While the sea lions are protected under the federal Marine Mammal Protection Act, they are eating fish species that are listed as threatened under the Endangered Species Act.
The decision by NOAA Fisheries was reported in the Nov. 19 edition of The Columbia Basin Fish & Wildlife News Bulletin.
After efforts at hazing and non-lethal removal of the California sea lions failed to keep them from hanging out at Willamette Falls, the Oregon Department of Fish and Wildlife (ODFW) applied to NOAA in 2017 for authorization to lethally remove some of them under a MMPA Section 20 permit.
This fall NOAA convened a Willamette Falls Pinniped Task Force, which issued a recommendation on Oct. 15 that the permit be authorized.

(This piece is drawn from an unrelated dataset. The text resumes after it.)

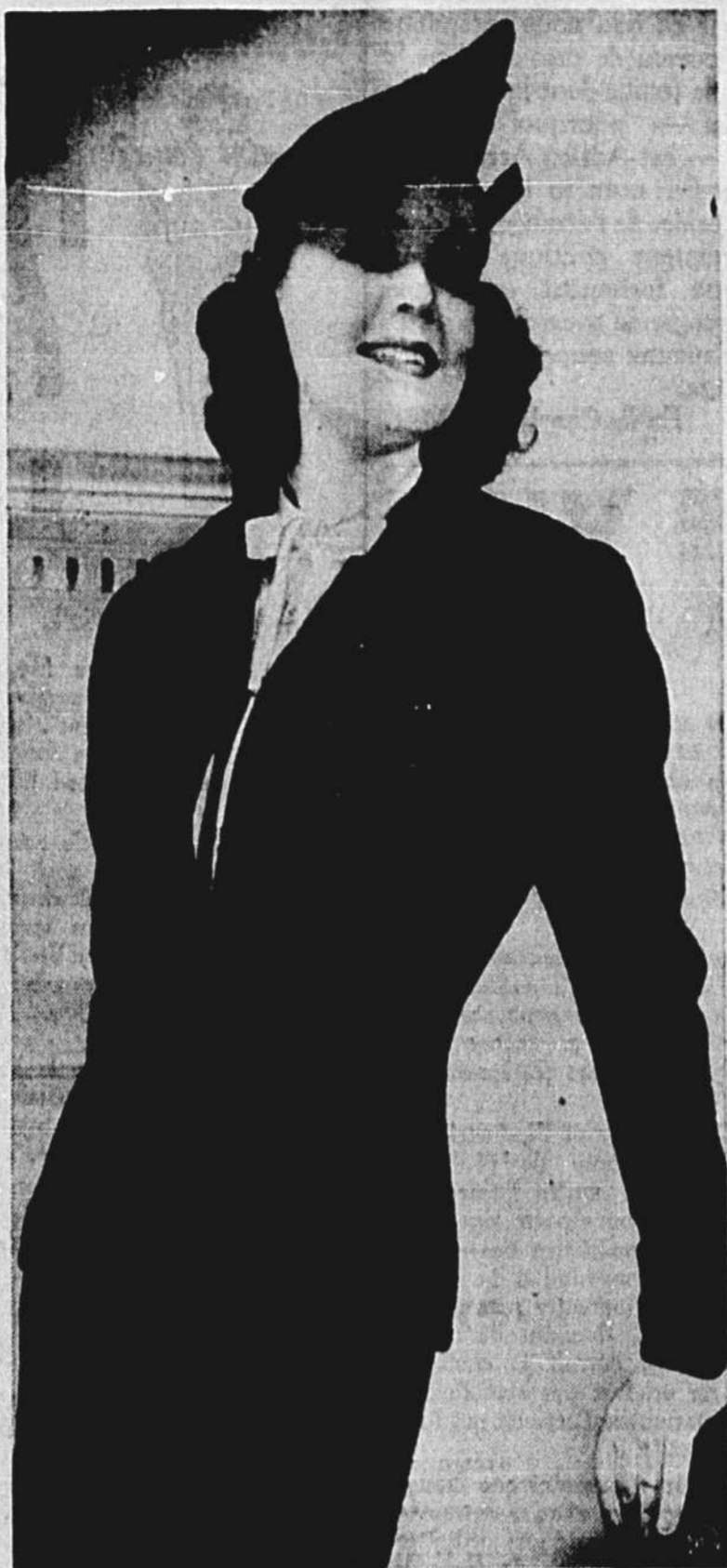
Délicieux costume-tailleur de laine noire, bordé de galon brillant, et garni de boutons recouverts du même galon — une nouveauté. Très chic avec une petite blouse blanche.

Oregon filed for the application because its analyses showed that the high levels of predation by sea lions, including 25 percent of the steelhead run in 2017, meant there was an almost 90 percent probability that one of the upper Willamette steelhead runs would go extinct.
The Oregon Department of Fish and Game noted in a news release that the level of predation of spring Chinook, although at 7 to 9 percent annually, is enough to increase the extinction risk by 10 to 15 percent.
The permit applies only to California sea lions, and not the much larger Steller sea lions, which, according to ODFW policy analyst Shaun Clements, are present at the Falls in growing numbers and prey on white sturgeon. “Current federal law prohibits us from doing anything about that,” Clements said.
Removing the sea lions is about striking a balance between recovery of imperiled salmon and steelhead and the ongoing conservation of sea lions.
According to ODFW predation by pinnipeds also threatens gains made by significant regional investment to improve fish passage at dams, restore fish habitat and implement fishing regulations that prohibit anglers from harvesting wild fish.